BEGIN RECORDS PROVIDED

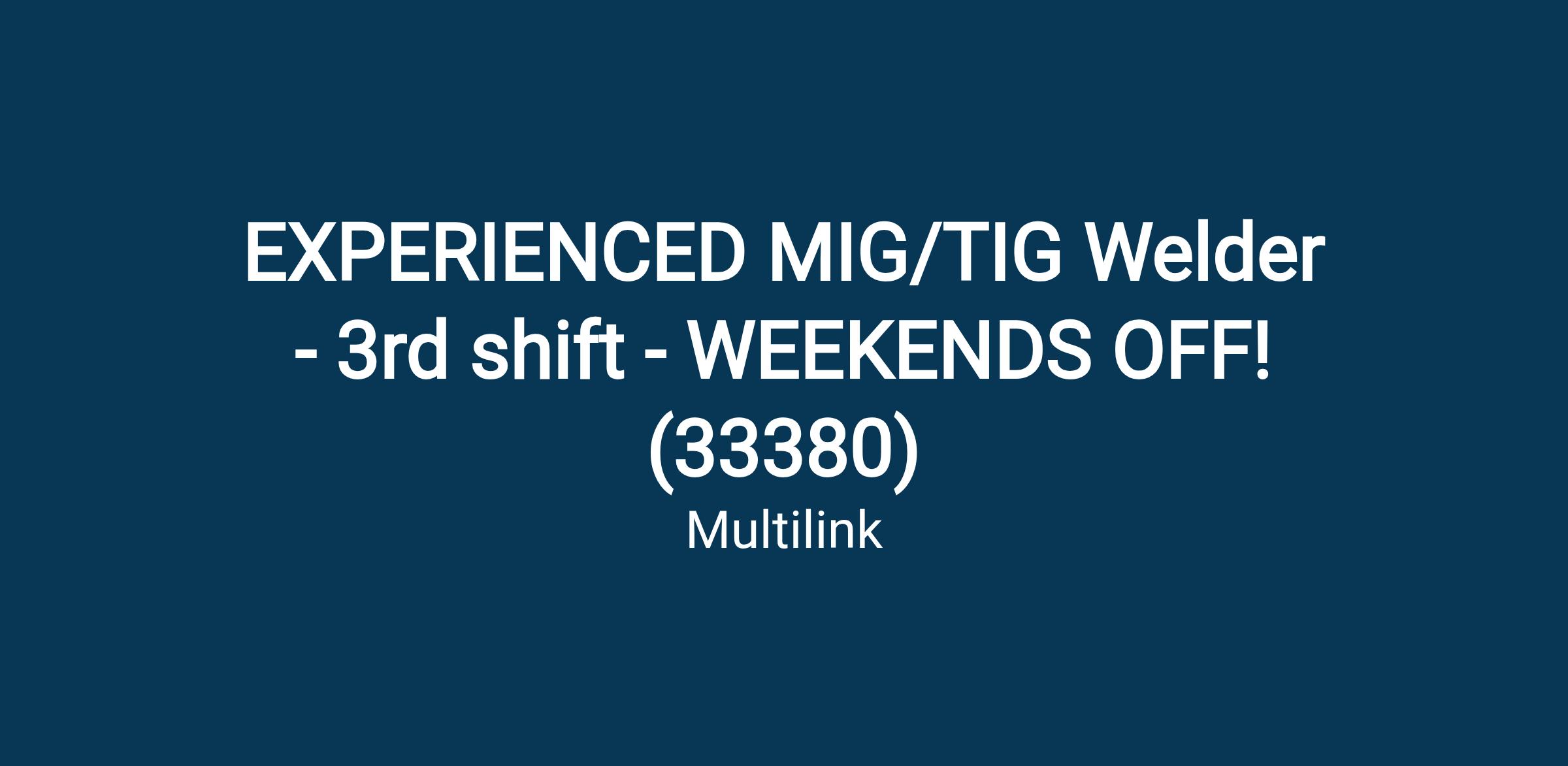 Multilink is growing and adding a 3rd shift to our Welding Production team. We are currently seeking qualified MIG/TIG welders for this new opportunity. Hours for this shift are MONDAY - THURSDAY nights 8pm-6am - Enjoy your weekends from Friday at 6 am until Monday at 8pm!!!
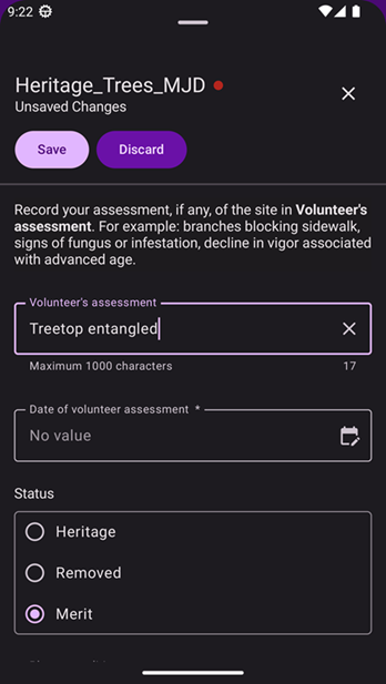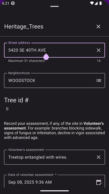 - Status: Radio buttons that allows users to select the official recognition status of the tree: Heritage, Removed, or Merit.
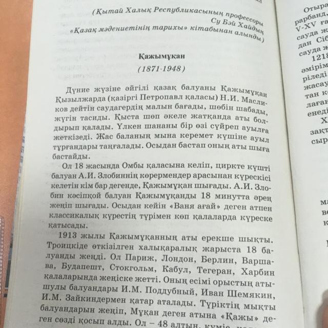 Всемирно известный казахстанский борец Кажымукан Петропавловск Н. И. Купец сказал Масликов скот цены, несет бремя травы рыбы. Причинение имя чего сено на зиму. Будет перетащить тело в деревню. Маленькие дети поражаюсь этой невероятной силой сельского населения. С тех пор начинается с его именем.
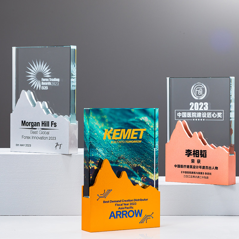 📚 金属山峰奖杯定制金银铜定做刻字销售冠亚军比赛颁奖退休纪念碑
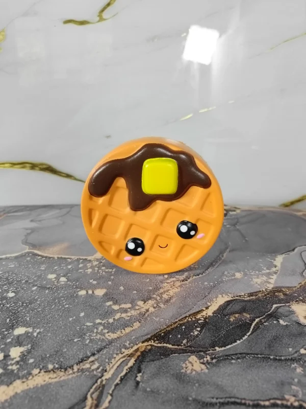 El Pancake Apilado: Este squishy recrea la esponjosidad de un pancake recién hecho, a menudo decorado con un toque de “mantequilla” o un drizzle de “jarabe”. Es el compañero ideal para tus mañanas.
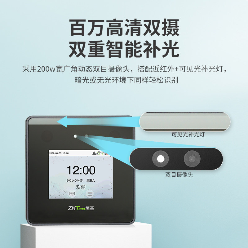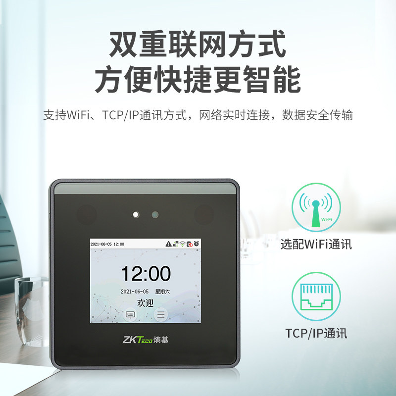 ZKTeco熵基 xFace55可见光动态人脸识别考勤机打卡机wifi通讯面部刷脸智能员工上下班签到机门禁系统一体机
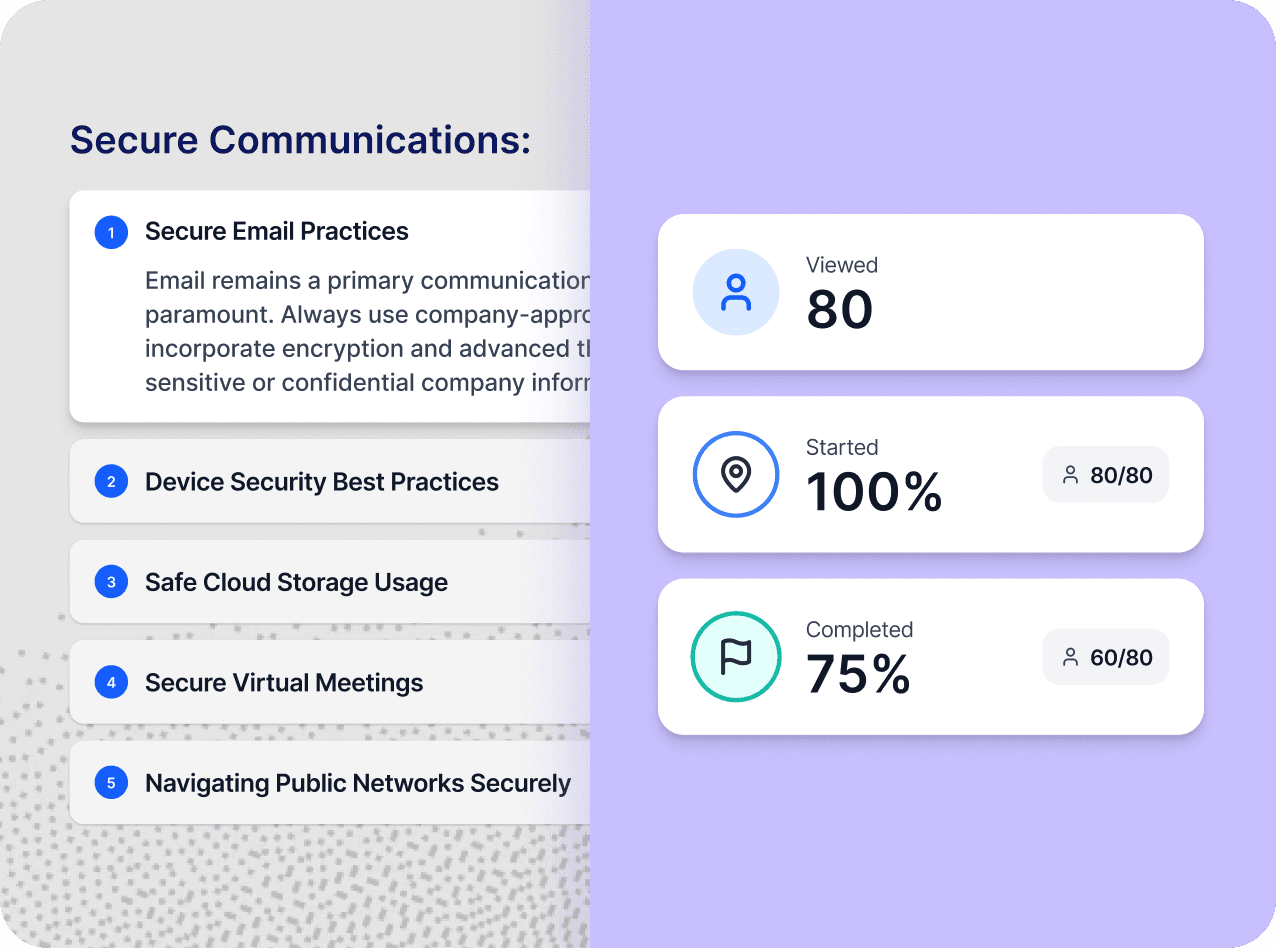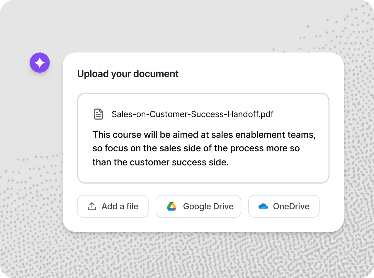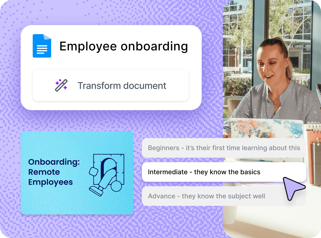 Transform your org's existing knowledge into engaging training that fits right into your learning ecosystem. Faster onboarding, smoother compliance, real skill-building. No extra platforms needed.
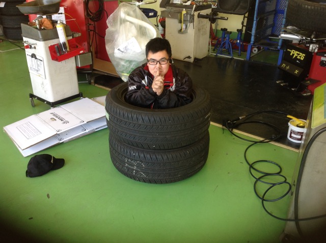なんとスタッフ菊地がタイヤの中で体育座りができてしまうではありませんか!
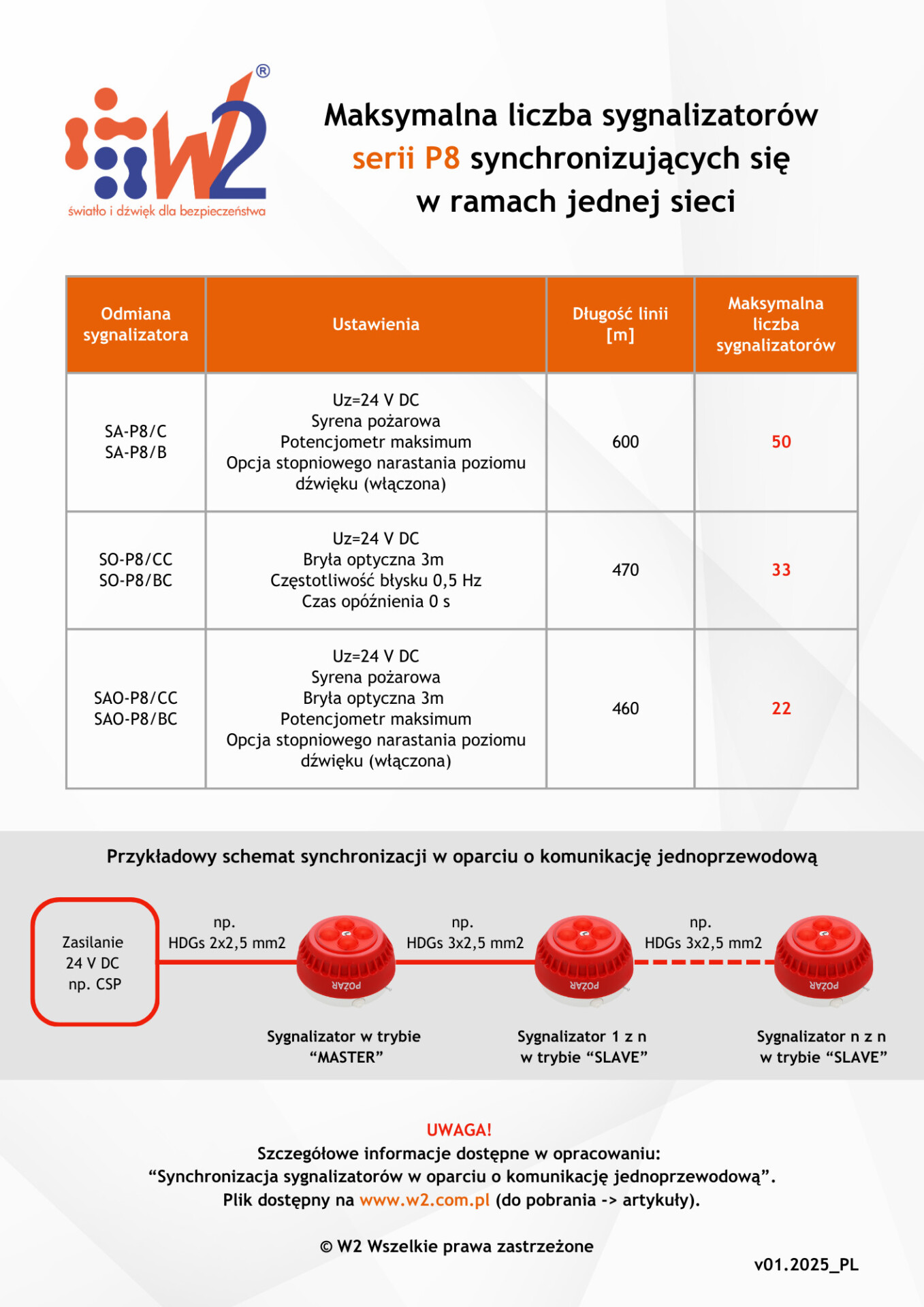 Certyfikowane sygnalizatory produkowane przez W2 posiadające certyfikowany człon optyczny są wyposażone w funkcję synchronizacji (SO-P8, SAO-P8, SGO-Pgw, SAOZ-Pk2, SGO-Pgz3).

END RECORDS PROVIDED

- [TASK PROMPT]
Everything from the first line of the records through the line containing "ZKTeco熵基 xFace" should be reproduced exactly, apart from the pictures.

- [ANSWER TO THIS EXERCISE]
 Multilink is growing and adding a 3rd shift to our Welding Production team. We are currently seeking qualified MIG/TIG welders for this new opportunity. Hours for this shift are MONDAY - THURSDAY nights 8pm-6am - Enjoy your weekends from Friday at 6 am until Monday at 8pm!!!
 - Status: Radio buttons that allows users to select the official recognition status of the tree: Heritage, Removed, or Merit.
 Всемирно известный казахстанский борец Кажымукан Петропавловск Н. И. Купец сказал Масликов скот цены, несет бремя травы рыбы. Причинение имя чего сено на зиму. Будет перетащить тело в деревню. Маленькие дети поражаюсь этой невероятной силой сельского населения. С тех пор начинается с его именем.
 📚 金属山峰奖杯定制金银铜定做刻字销售冠亚军比赛颁奖退休纪念碑
 El Pancake Apilado: Este squishy recrea la esponjosidad de un pancake recién hecho, a menudo decorado con un toque de “mantequilla” o un drizzle de “jarabe”. Es el compañero ideal para tus mañanas.
 ZKTeco熵基 xFace55可见光动态人脸识别考勤机打卡机wifi通讯面部刷脸智能员工上下班签到机门禁系统一体机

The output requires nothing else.